Сначала мы поехали по Минскому шоссе в 5-ю армию, в ту из ее дивизий, которая стояла прямо на шоссе. Не помню сейчас ее номера, помню только, что это была одна из дивизий, воевавших еще на Халхин-Голе. Командовал ею генерал Орлов, которого я не знал, а Ортенберг знал еще по Халхин-Голу. Навсегда сохранив слабость ко всем халхингольцам, Ортенберг вез Орлову из Москвы в подарок генеральскую папаху, которой тот, оказывается, не мог достать. Генерал был доволен и нашим приездом, и папахой. У него в дивизии в эти дни стояло затишье. Главные боевые действия происходили на фланге в армии в обход Гжатска, к этому времени уже пришли к убеждению, что в лоб Гжатска не взять, надо его обойти.

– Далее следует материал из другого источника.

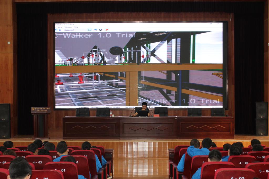 孟老师以“走近炼化装置工程管道设计”为题,为大家带了一场精彩的学术讲座。讲座期间,孟老师结合PPT,从炼油厂装置管道施工简析和炼油厂装置管道施工要点两大方面进行讲述。他讲道:1.炼油厂施工过程中管道装置施工一直是其重要的组成部分,而炼油厂装置管道施工的进行离不开关键点的有效支持;2.炼油厂装置管道施工是一项系统性的工作,这主要体现在了施工重要性、施工审查、施工准备等环节;3.对于炼油厂装置管道施工要点进行研究与分析具有极为重要的工程意义和现实意义。随后,孟老师为同学们展示了3D的化工工艺模型,让同学们更加深刻的了解化工工艺流程。讲座结束后,台下响起热烈的掌声。
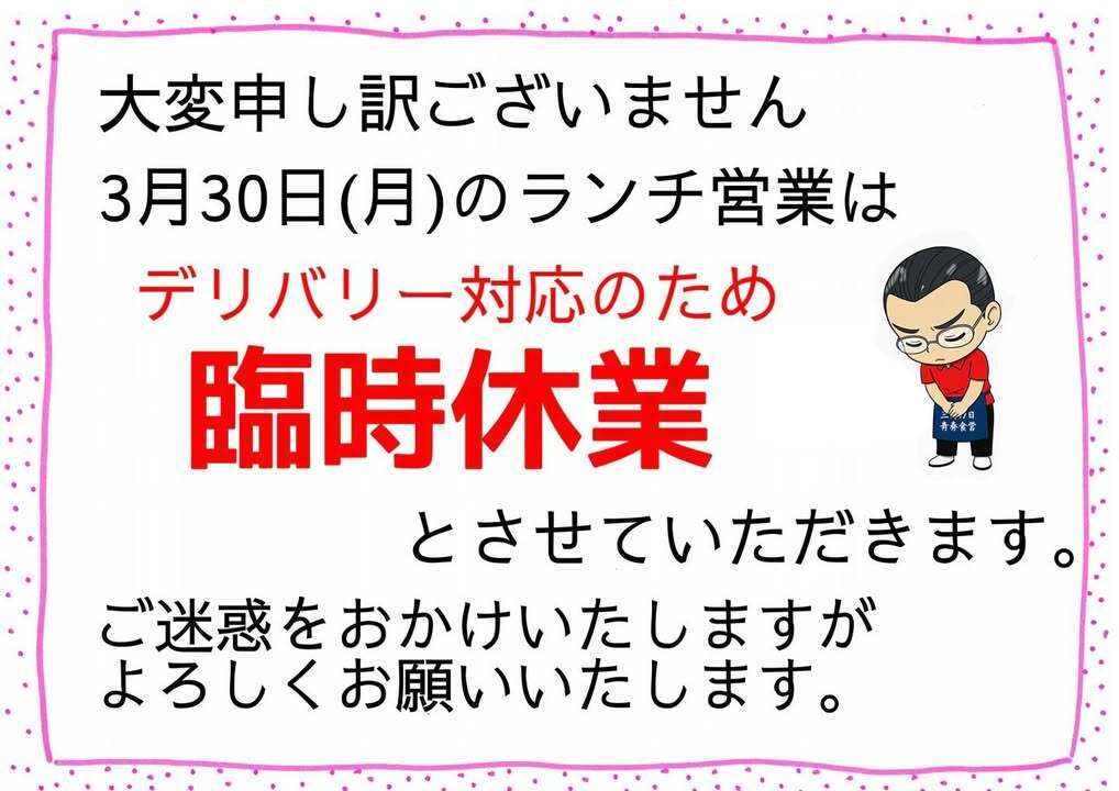 3月30日(月)のランチ営業は、

В дивизии Орлова шла только перестрелка и велись отвлекающие частные операции.
Штаб дивизии размещался недалеко от шоссе в нескольких землянках и трех-четырех оставшихся от сгоревшей деревни домиках. Было все как полагается в дни затишья – фронтовой обед с водкой. Ортенберг с некоторым недоверием посмотрел на меня и на Мишу Бернштейна, но мы все-таки выпили по второй, потому что было студено.
Командир дивизии в ту короткую встречу ничем особенным не запомнился; осталось только впечатление о хорошем и милом человеке. Ходил он в танкистском шлеме, в сапогах, в ватных штанах и полушубке, своим внешним видом мало напоминая генерала. Было в то время какое-то поветрие – одеваться немножко в партизанском духе, как бог на душу положит; и грешили этим не только наш брат – военные корреспонденты.
После обеда, уже в темноте, двинулись в штаб полка. Штаб полка помещался километрах в трех от штаба дивизии в большом сарае, кажется, единственном, оставшемся от целиком выгоревшей деревни. Сарай был разгорожен на несколько закутов, в нем топилась печка и было сравнительно тепло.
После взаимных приветствий вытащили на стол карты, и командир полка доложил Орлову и Ортенбергу обстановку.
Предполагалась ночная операция одним батальоном. Нужно было что-то пройти, зайти куда-то во фланг и под прикрытием такого-то и такого-то огня взять высотку, на которой сидели немцы и мешали нашему продвижению к другой высотке, а эта другая высотка, в свою очередь…
Судя по докладу, все это казалось тщательно продуманным, и в то же время меня не покидало чувство, что, быть может, все это делается зря и что те, кто сейчас докладывает об этом, не до конца верят в то, что все это выйдет. Уж слишком точно рассказывали они заранее обо всех подробностях того, как все это будет, кто куда двинется и кто докуда дойдет.
Чем дольше я слушал, тем у меня все больше усиливалось ощущение, что выйдет, наверное, совсем не так, как в этом, так хорошо разработанном плане. И вся эта частная операция, наверно, не имеет значения для взятия Гжатска; вряд ли ночной бой, предпринятый всего-навсего одним батальоном где-то на второстепенном направлении, способен что-нибудь изменить в общей обстановке.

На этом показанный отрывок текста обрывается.